[Source data — start]

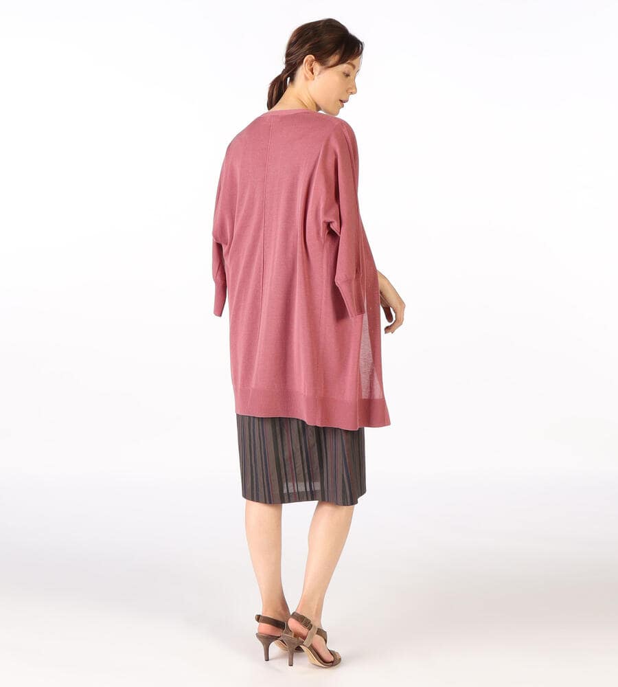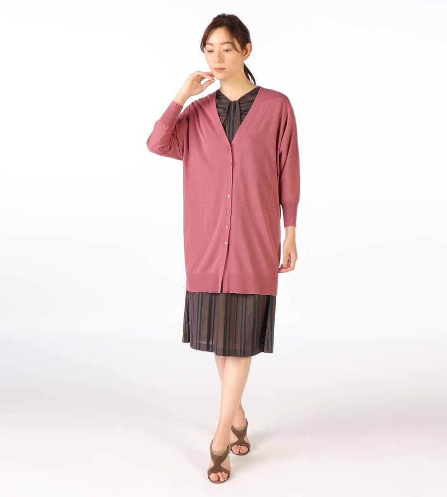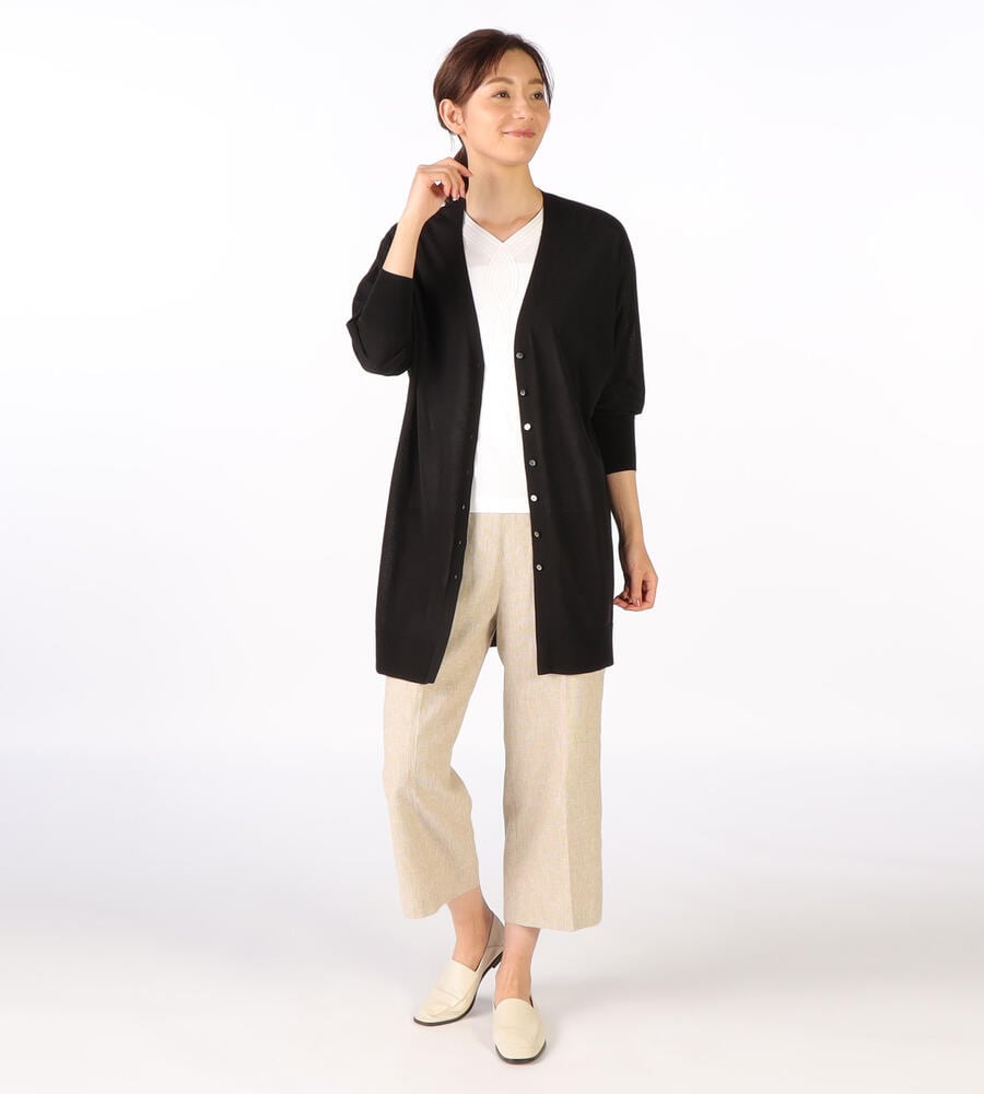 シャリ感のあるコットンアセテートの素材を使った、涼やかな着心地のロングニットカーディガンです。ストンと落ちる締め付けのない身頃で、ストレスフリーに着られます。バックスタイルにセンターシームが入っているため、上品さがプラスされているのもポイントです。シャツ×スカートのきれいめなスタイリングにも合わせられます。
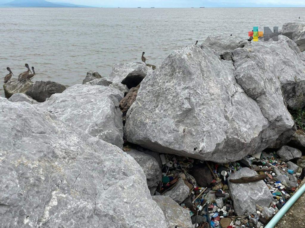 Coatzacoalcos, Ver.- Las escolleras de Coatzacoalcos, uno de los puntos más visitados del puerto, presentan un notable problema de basura entre las rocas. Visitantes dejan desechos como vasos de esquites, envolturas de comida y plásticos, lo que ha generado afectaciones en la zona.
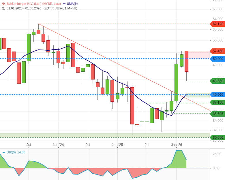 Ich möchte heute vielmehr den Blick auf die Aktienkursentwicklung eines Öl-Dienstleisters richten. Konkret geht es um die Aktie der SLB N.V., früher bekannt als Schlumberger. Der Titel reagiert besonders sensibel auf Bewegungen am Ölmarkt. Allein am Dienstag legte die Aktie an der NYSE um 2,6 % zu und rückte damit wieder stärker in den Fokus vieler Investoren.
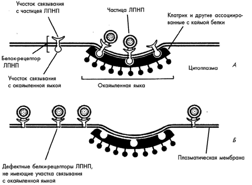 Рис.3 Схема связывания ЛПНП с белком-рецептором в нормальной (А)
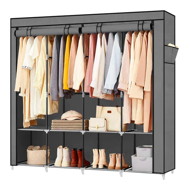 ✅SPECYFIKACJA Typ produktu: Szafa tekstylna składana Wymiary całkowite:- Szerokość: 165 cm - Głębokość: 42 cm - Wysokość: 165 cm Materiał pokrycia: Włóknina polipropylenowa (oddychająca, trwała, lekka) Konstrukcja szkieletu: Rurki stalowe malowane proszkowo Złącza (konektory): Tworzywo sztuczne wysokiej jakości (odporne na pęknięcia) Kolor: Szary – pasuje do różnych wnętrz System zamykania: Roll-up z dwoma zamkami błyskawicznymi Wnętrze szafy:- 8 dolnych półek na odzież, akcesoria lub pudełka - 4 komory górne z drążkami na wieszaki Montaż: Bez użycia narzędzi, szybki i intuicyjny Waga: Lekka konstrukcja ułatwiająca transport i przenoszenie
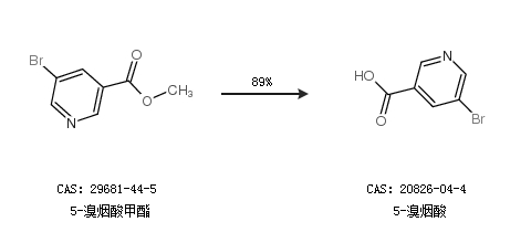 2.通过5-溴烟酸甲酯合成5-溴烟酸,收率约89%;
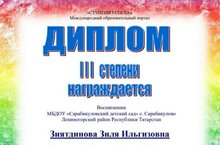 Наша воспитанница, средней подгруппы- Зиятдинова Зиля, награждена дипломом III степени за победу в конкурсе, посвященном Дню Победы "Никто не забыт и ничто не забыто!"
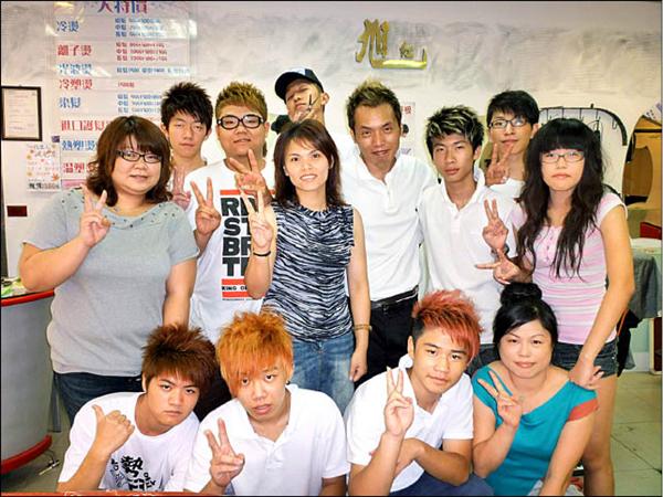 經營旭紅美髮理髮店的田淑萍、范開棟夫婦(中),20年來僱用母校學弟妹,讓不愛念書的少年個個變成優秀的髮型設計師。(記者廖雪茹攝)
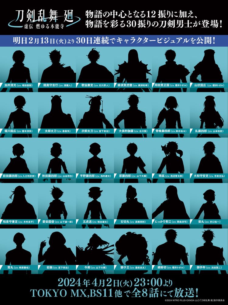 4月2日23時よりTOKYO MX、BS11ほかで放送開始される「刀剣乱舞 廻 -虚伝 燃ゆる本能寺-」。すでに発表されている物語の中心となる12振りに加え、加州清光、陸奥守吉行、歌仙兼定、蜂須賀虎徹ら30振りが作中に登場する。
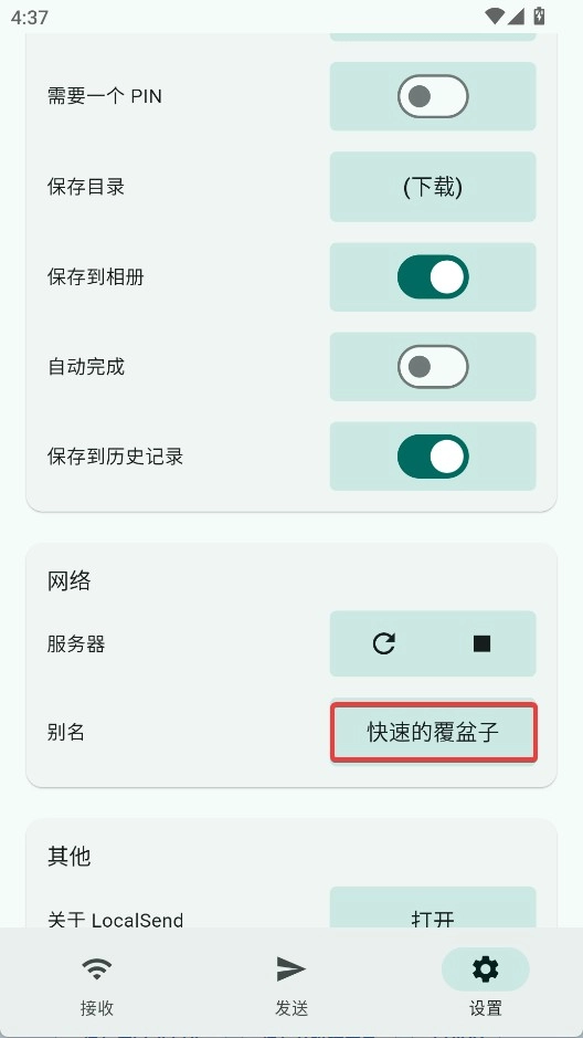 1、打开LocalSend,点击右下角的设置按钮
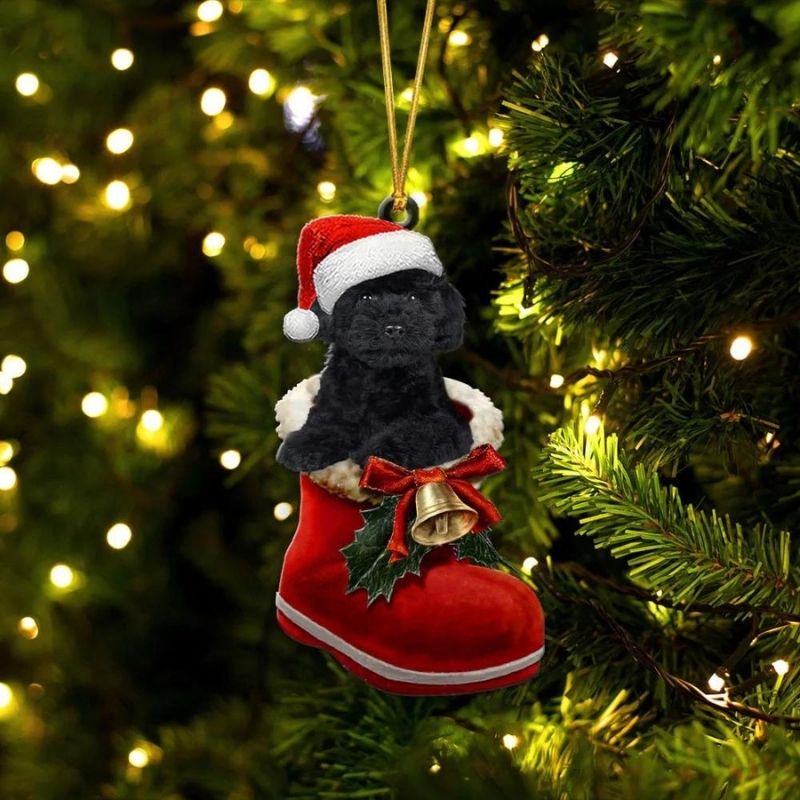 Poodle Black In Santa Boot Christmas Hanging Ornament SB137
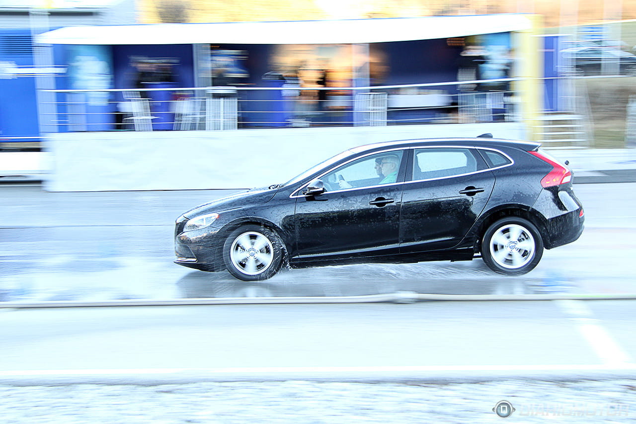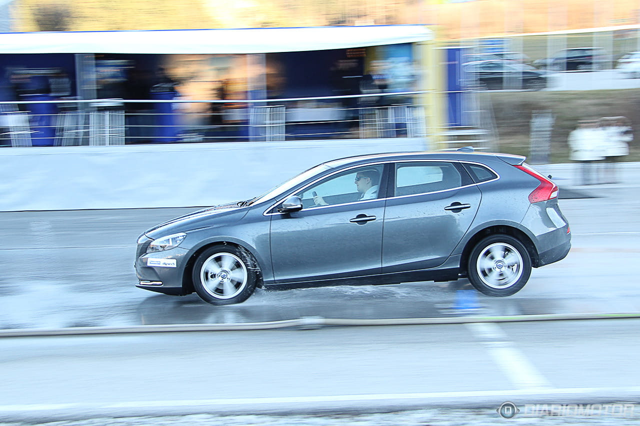 Con el BMW 320d GT y el Volvo V40 D2, que probamos a continuación por carretera, observamos el mismo comportamiento y la misma sensación de seguridad creciente, a medida que nos vamos acostumbrando a que el frío y la humedad aparentes no se corresponden con el excelente agarre del que disfrutamos en todo momento.

[Source data — finish]

Every line above should be transcribed exactly, though no image should be carried over.

 シャリ感のあるコットンアセテートの素材を使った、涼やかな着心地のロングニットカーディガンです。ストンと落ちる締め付けのない身頃で、ストレスフリーに着られます。バックスタイルにセンターシームが入っているため、上品さがプラスされているのもポイントです。シャツ×スカートのきれいめなスタイリングにも合わせられます。
 Coatzacoalcos, Ver.- Las escolleras de Coatzacoalcos, uno de los puntos más visitados del puerto, presentan un notable problema de basura entre las rocas. Visitantes dejan desechos como vasos de esquites, envolturas de comida y plásticos, lo que ha generado afectaciones en la zona.
 Ich möchte heute vielmehr den Blick auf die Aktienkursentwicklung eines Öl-Dienstleisters richten. Konkret geht es um die Aktie der SLB N.V., früher bekannt als Schlumberger. Der Titel reagiert besonders sensibel auf Bewegungen am Ölmarkt. Allein am Dienstag legte die Aktie an der NYSE um 2,6 % zu und rückte damit wieder stärker in den Fokus vieler Investoren.
 Рис.3 Схема связывания ЛПНП с белком-рецептором в нормальной (А)
 ✅SPECYFIKACJA Typ produktu: Szafa tekstylna składana Wymiary całkowite:- Szerokość: 165 cm - Głębokość: 42 cm - Wysokość: 165 cm Materiał pokrycia: Włóknina polipropylenowa (oddychająca, trwała, lekka) Konstrukcja szkieletu: Rurki stalowe malowane proszkowo Złącza (konektory): Tworzywo sztuczne wysokiej jakości (odporne na pęknięcia) Kolor: Szary – pasuje do różnych wnętrz System zamykania: Roll-up z dwoma zamkami błyskawicznymi Wnętrze szafy:- 8 dolnych półek na odzież, akcesoria lub pudełka - 4 komory górne z drążkami na wieszaki Montaż: Bez użycia narzędzi, szybki i intuicyjny Waga: Lekka konstrukcja ułatwiająca transport i przenoszenie
 2.通过5-溴烟酸甲酯合成5-溴烟酸,收率约89%;
 Наша воспитанница, средней подгруппы- Зиятдинова Зиля, награждена дипломом III степени за победу в конкурсе, посвященном Дню Победы "Никто не забыт и ничто не забыто!"
 經營旭紅美髮理髮店的田淑萍、范開棟夫婦(中),20年來僱用母校學弟妹,讓不愛念書的少年個個變成優秀的髮型設計師。(記者廖雪茹攝)
 4月2日23時よりTOKYO MX、BS11ほかで放送開始される「刀剣乱舞 廻 -虚伝 燃ゆる本能寺-」。すでに発表されている物語の中心となる12振りに加え、加州清光、陸奥守吉行、歌仙兼定、蜂須賀虎徹ら30振りが作中に登場する。
 1、打开LocalSend,点击右下角的设置按钮
 Poodle Black In Santa Boot Christmas Hanging Ornament SB137
 Con el BMW 320d GT y el Volvo V40 D2, que probamos a continuación por carretera, observamos el mismo comportamiento y la misma sensación de seguridad creciente, a medida que nos vamos acostumbrando a que el frío y la humedad aparentes no se corresponden con el excelente agarre del que disfrutamos en todo momento.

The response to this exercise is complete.